### DATA EXTRACT

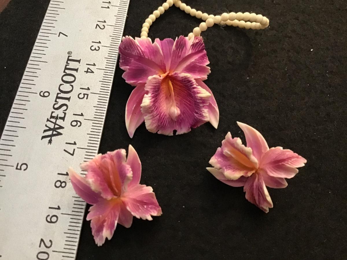 Beautiful Carved Celluloid orchid Set Wonderful Condition Vintage
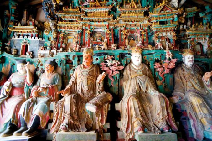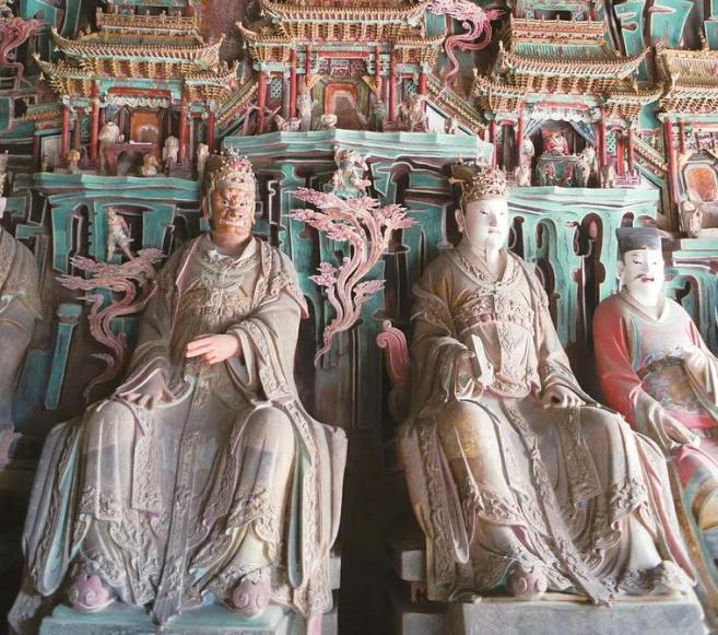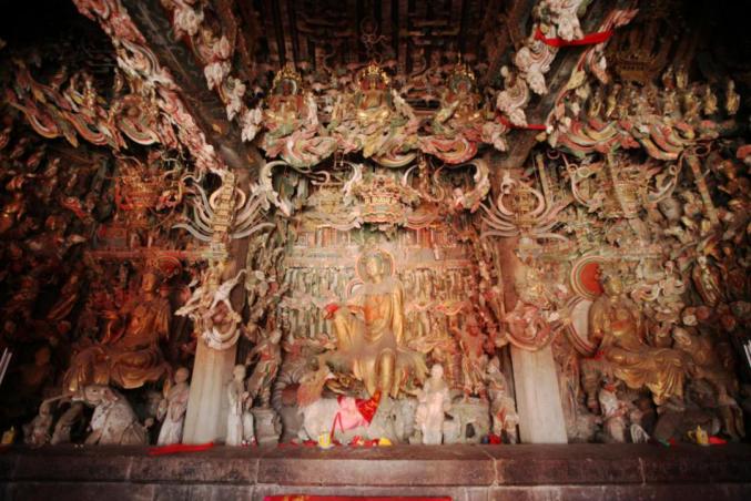 观音堂塑像原有1000多尊,历经岁月变更,现存各类塑像500多尊,是如今保存最完整的全国四处明代悬彩塑中的一处。广三间、深两间的殿堂内,塑像或设在坛上,或悬于空中,彩塑、悬塑相间,儒、释、道三教共融。其中,观音、文殊、普贤三大士造像居中,十八罗汉、二十四诸天环绕,每一尊都栩栩如生、精美绝伦。
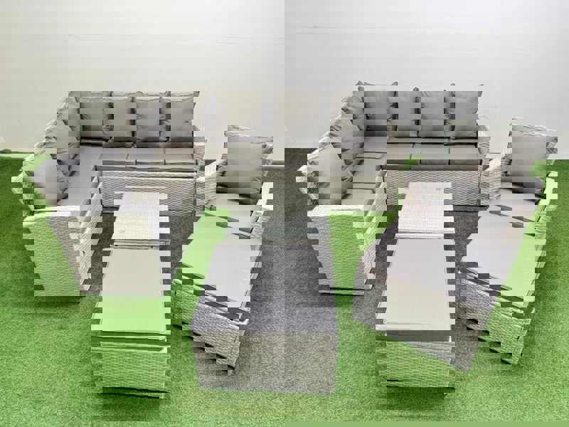 Create a refined outdoor seating area for your courtyard, deck, backyard, porch or poolside with this outdoor rattan garden furniture set. Designed for relaxed entertaining and everyday lounging, it combines a weather-resistant PE rattan finish with a galvanised steel frame to suit the demands of the UK climate.

### WORK INSTRUCTIONS
Could the listing above be printed again in full, with every picture omitted?

### ANSWER AREA
 Beautiful Carved Celluloid orchid Set Wonderful Condition Vintage
 观音堂塑像原有1000多尊,历经岁月变更,现存各类塑像500多尊,是如今保存最完整的全国四处明代悬彩塑中的一处。广三间、深两间的殿堂内,塑像或设在坛上,或悬于空中,彩塑、悬塑相间,儒、释、道三教共融。其中,观音、文殊、普贤三大士造像居中,十八罗汉、二十四诸天环绕,每一尊都栩栩如生、精美绝伦。
 Create a refined outdoor seating area for your courtyard, deck, backyard, porch or poolside with this outdoor rattan garden furniture set. Designed for relaxed entertaining and everyday lounging, it combines a weather-resistant PE rattan finish with a galvanised steel frame to suit the demands of the UK climate.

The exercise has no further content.